A fourth contractor is suing the Tropicana resort in Las Vegas, claiming it hasn’t been paid for work on the Las Vegas Mob Experience tourist attraction there.

Northwestern Inc. filed suit last week in Clark County District Court against the Tropicana, Mob Experience contractor M.J. Dean Construction Inc. and bonding company Liberty Mutual Insurance Co.

The Mob Experience and its parent company, Murder Inc., were not sued by Northwestern.
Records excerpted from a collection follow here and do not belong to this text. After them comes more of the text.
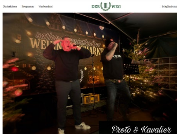
Rechtsextremistisches Konzert auf dem „nationalrevolutionären Weihnachtsmarkt“ des III.Weg in Hilchenbach

Neben der Verteilung von Flugblättern fanden mehrere Versammlungen und Infostände in der Gemeinde statt. Dabei wurden tagespolitische Themen in rechtsextremistischer Weise dargestellt. So wird die geplante Einrichtung einer Flüchtlingsunterkunft in Hilchenbach aufgegriffen und das in der Szene verbreitete Narrativ des „großen Austausches“ bedient, indem die Partei dazu wie folgt Stellung nimmt: „Keine Asylheime in Hilchenbach! Während alle im Rat vertretenen Parteien den unkontrollierten Zuzug von Asylanten nicht nur widerspruchslos hinnehmen, sondern regelrecht anfeuern, stellen wir als einzige wählbare Alternative gegen die systematische Überfremdung unserer Region! Schluss mit der Bereitswilligkeit zur Aufnahme von Asylanten! Keine Hauskäufe oder Anmietung von Wohnraum für Asylanten! Nein zum geplanten Asylheim in Vormwald und anderswo!“
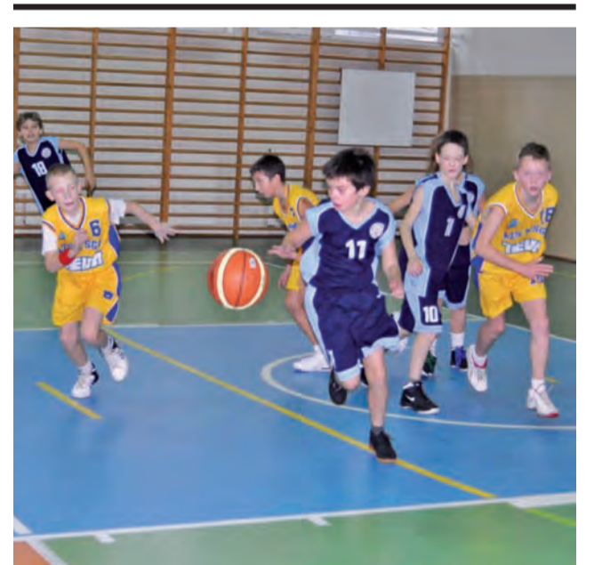
Drużyna żaków z Łowicza nadal zajmuje drugie miejsce w lidze U-12.
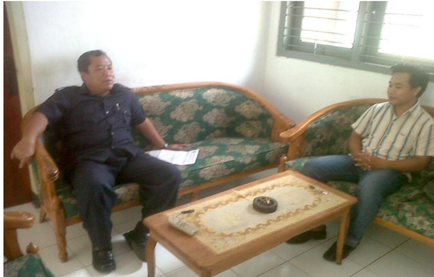
Foto 1.2. Foto di depan LIPOSOS
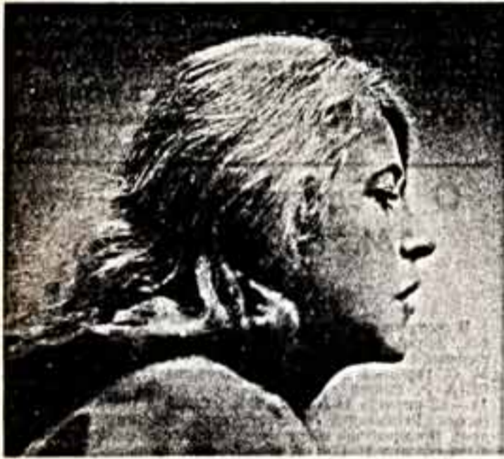
В городской Доме культуры старинного Пскова каждому талант ради. Здесь есть русский народный хор с ансамблем старинной музыки, клуб самодеятельной песни, театр слесарей, музыкальный театр. Его спектакль «Князь Игорь» стал событием в культурной жизни города.

Актив Дома культуры — рабочие, инженеры, учителя, студенты безвозмездно в свободное время реставрируют старинное здание, где будет работать экспериментальный центр молодого творчества.
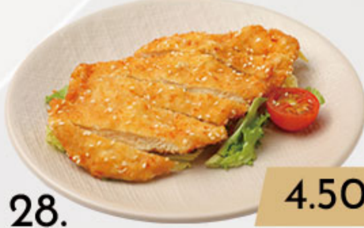
28. 4.50€ TORIKATSU
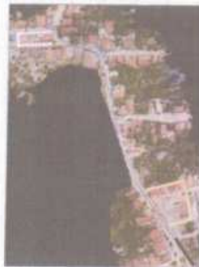
ÁREA AO ENTORNO DA PRAÇA

AREA AO ENTORNO DA PRAÇA DA IGREJA 1.085,96 m 2
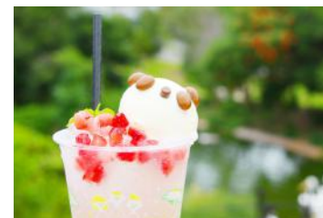
「パンダのぶどうフロート」 540円 販売店舗：ヒポバーガー
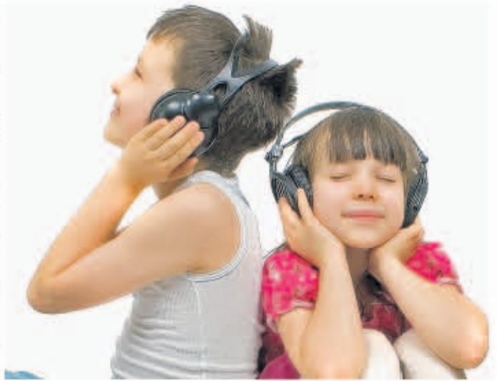
Hören und räumliches Vorstellen

Treptow. Hören und das räumliche Vorstellungsvermögen gehören zu den wichtigsten Lernvoraussetzungen für das Lesen-, Schreiben- und Rechnenlernen. Mit dem kostenlosen Kurs „Augen auf und Ohren gespitzt“ bieten die Leserechtschreib-Schulen der Studienkreise Pankow und Treptow Grundschulkindern anlässlich der Testtage die Möglichkeit, dieses zu trainieren. Vom 8. bis zum 12. März können interessierte Eltern ihre Kinder in den Studienkreisen anmelden.
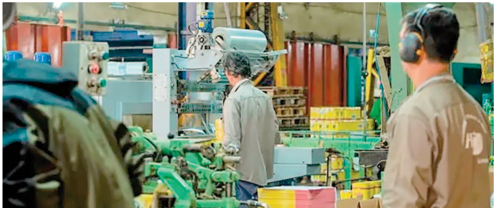
La actividad sigue en caída en todos los sectores, siendo el más afectado Químicos y plásticos.

En el acumulado del año, la mayor retracción la muestra "Químicos y
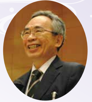
ありし日の丹治先生
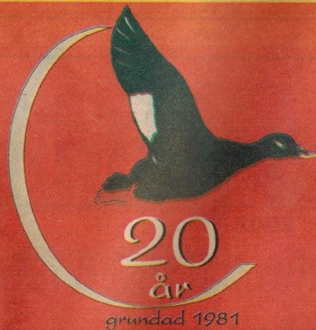
Sidan 10
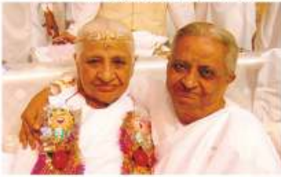
देवी माता जी के साथ
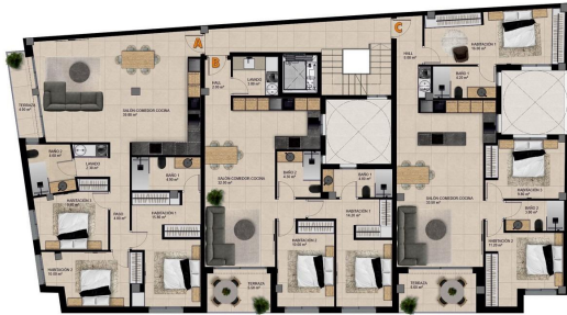
PLANTA PISO 1 y 2
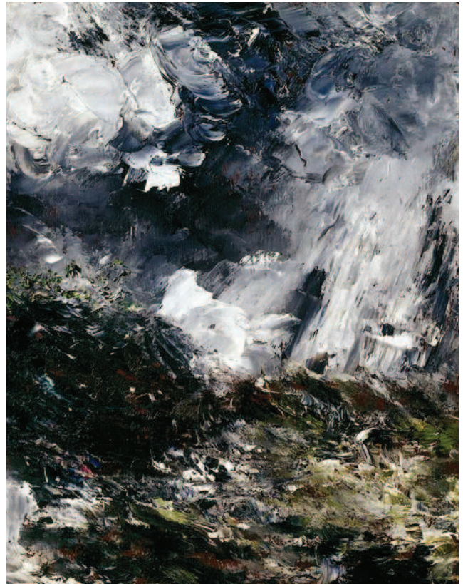
Die Nacht der Eifersucht, 1893 von Strindberg in Berlin gemalt
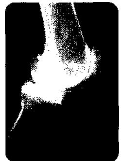
Arthrose - Verschleiß des Gelenkknorpels.
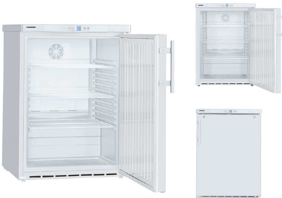
Table top positif, carrosserie epoxy Blanc, 134L
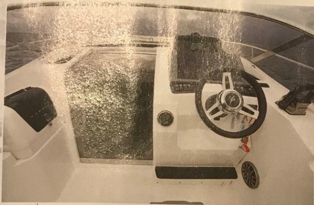
Commandes électriques, volant réglable et grande planche de bord caractérisent le poste de barre.
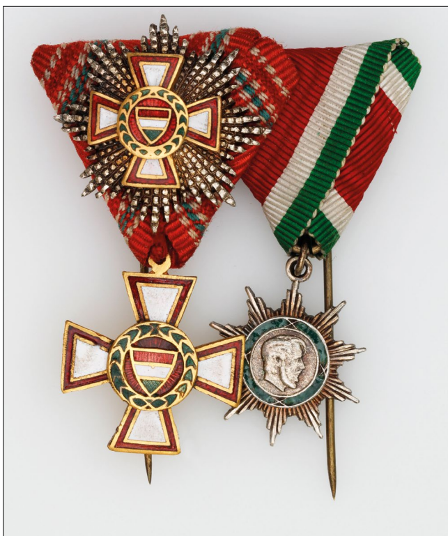
13. kép – A Magyar Köztársasági Érdemrend nagykeresztje kisdíszítményének és a Magyar Szabadság Érdemrend ezüst fokozatának miniatűr jelvénye. (Magyar Nemzeti Múzeum Mihályfi Ernő hagyatékából)
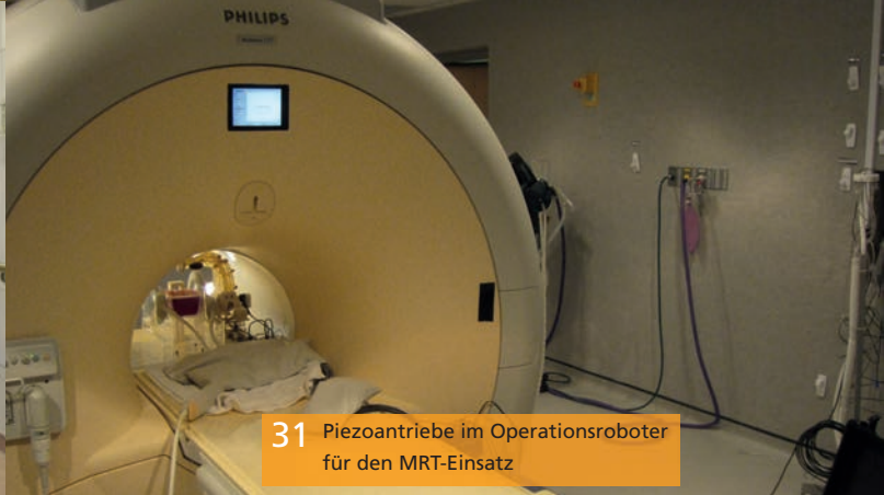
31 Piezoantriebe im Operationsroboter für den MRT-Einsatz
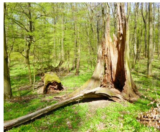
Torzo hraničného duba, Kačín

né úvozy vyznačené aj hraničníkmi pri ceste z Kačina do Lamača, hraničné jarky v petržalskom Jeleňom háji, či na hranici s Račou. Rozhraničovacie vodné línie tvoril najmä Dunaj, ale aj Vydrica, Lamačský či Karloveský potok. Práve pri Vydrici a Lamačskom potoku sa zachovali hraničné kopčeky.
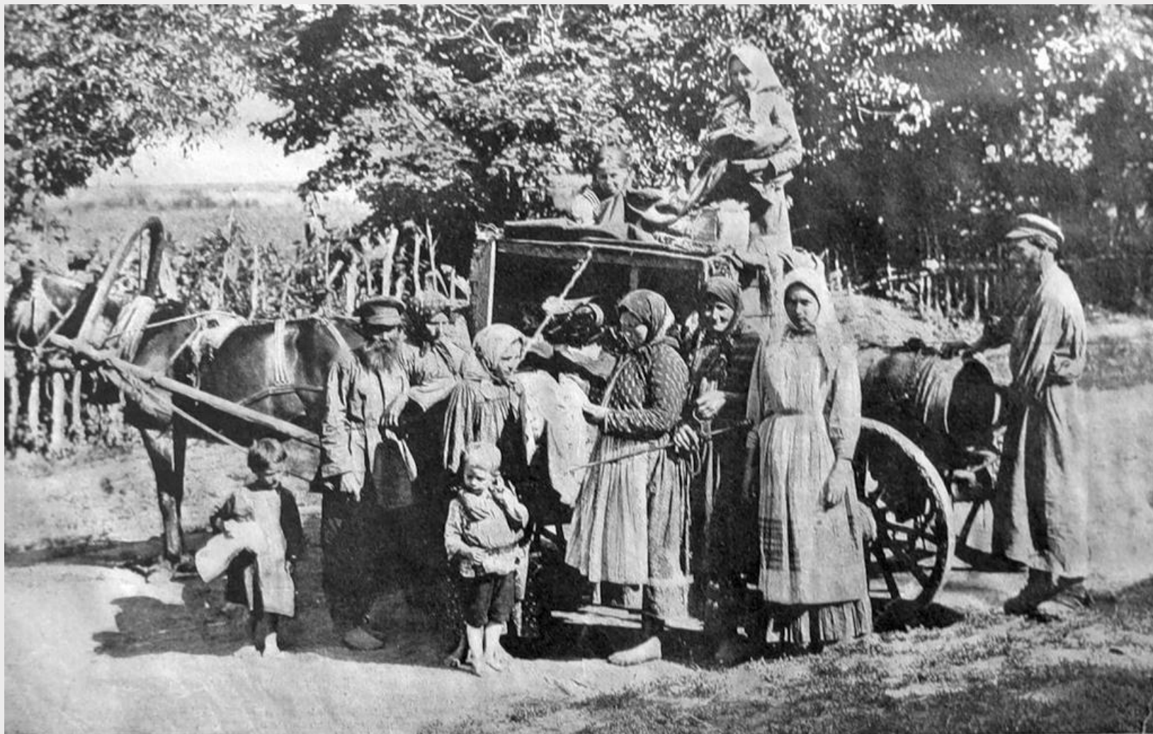
Коробейники. 1915 г.
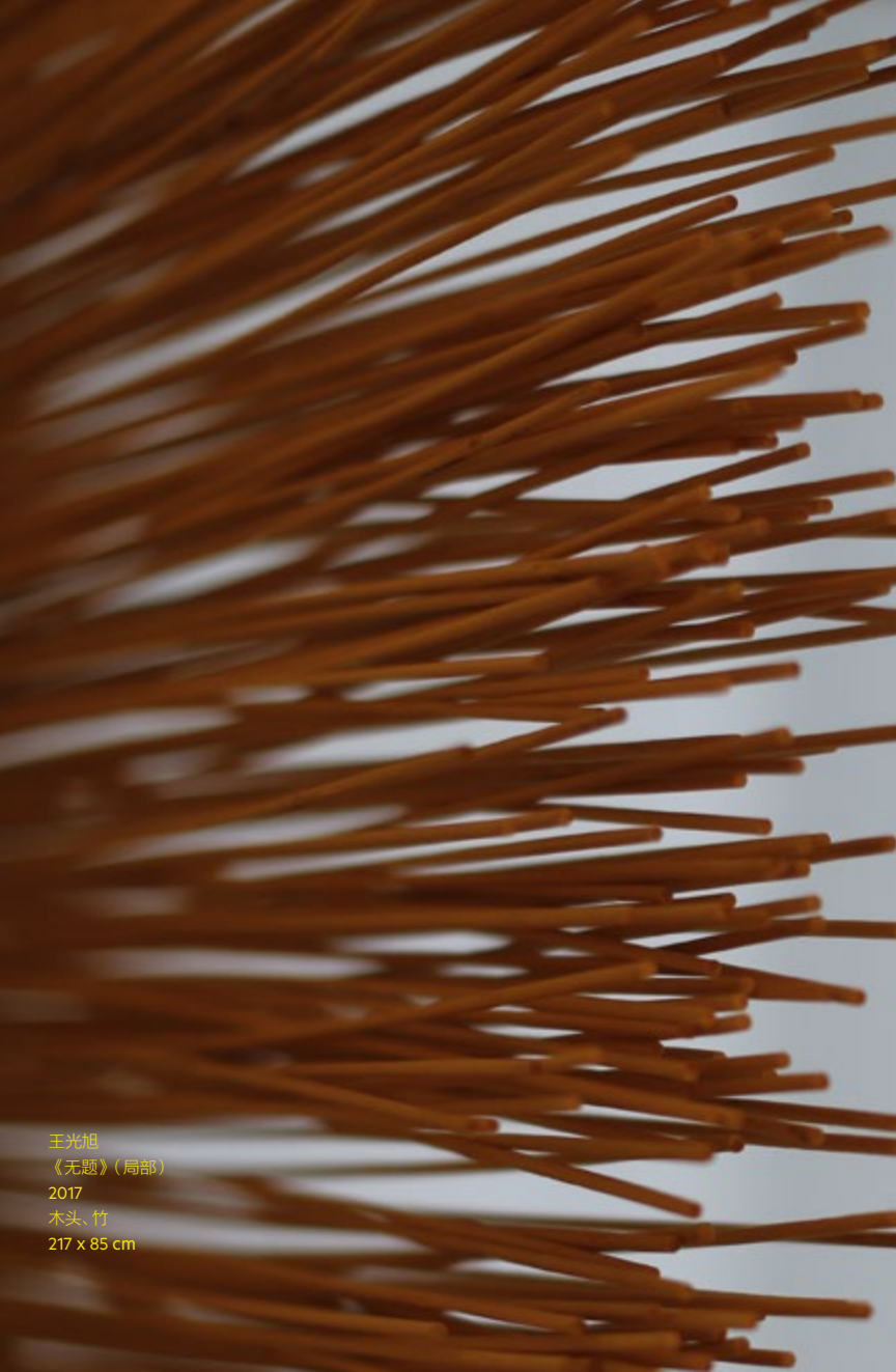
王光旭 《无题》(局部) 2017 木头、竹 217 x 85 cm
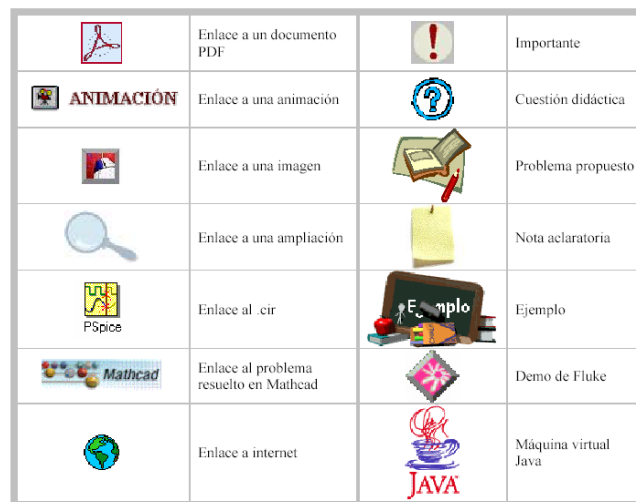
Figura 5. Simbología empleada en el trabajo

Los diferentes símbolos empleados a lo largo del trabajo hemos procurado que sean uniformes, claros, sencillos y adaptados a cada elemento a los que se refiere. Se presentan en el la figura 5 .

Murder Inc. is expected to file for bankruptcy protection soon as it faces its own lawsuits, infighting among investors and back rent to the Tropicana.

Northwestern, in its suit, said it contracted with M.J. Dean to provide custom millwork for The Mob Experience and that it “fully performed its work in performance of that contract with no complaints by M.J. Dean.”

Yet, Northwestern said, it hasn’t been paid more than $143,000 due for its work, despite numerous demands for payment.

Like three earlier Mob Experience contractor lawsuits naming the Tropicana and/or M.J. Dean as defendants, Northwestern said it’s also filed a mechanic’s lien against the Tropicana and is entitled to foreclose on that lien.

The Tropicana and M.J. Dean have not yet responded to the lawsuit, but both have said they, too, are owed money by The Mob Experience.

The contractors suing the Tropicana and/or M.J. Dean earlier were Bombard Electric LLC, Superior Tile & Marble Inc. and George M. Raymond Co.

Attorneys for the Tropicana have now responded to the Superior and George M. Raymond suits with boilerplate-like answers generally saying that “Tropicana lacks sufficient knowledge to either admit or deny the allegations” and the damages claimed were caused by the “actions of third persons over who Tropicana exercised no control.”

Demands in the lawsuits that the Tropicana be foreclosed on are unlikely to result in a foreclosure for several reasons.

First, the expected Mob Experience bankruptcy will likely put all the lawsuits on hold, so the rights of the creditors and Mob Experience investors can be sorted out.

Second, with $385 million in assets, the Tropicana has numerous ways to block a foreclosure over the liens filed against The Mob Experience. For starters, it can simply post bonds against the lien amounts while the lawsuits are litigated either in bankruptcy court or state court.

The Northwestern lawsuit lifts to at least 12 the number of lawsuits filed over the finances of The Mob Experience, which opened this spring. Of the 12 suits, 11 remain open.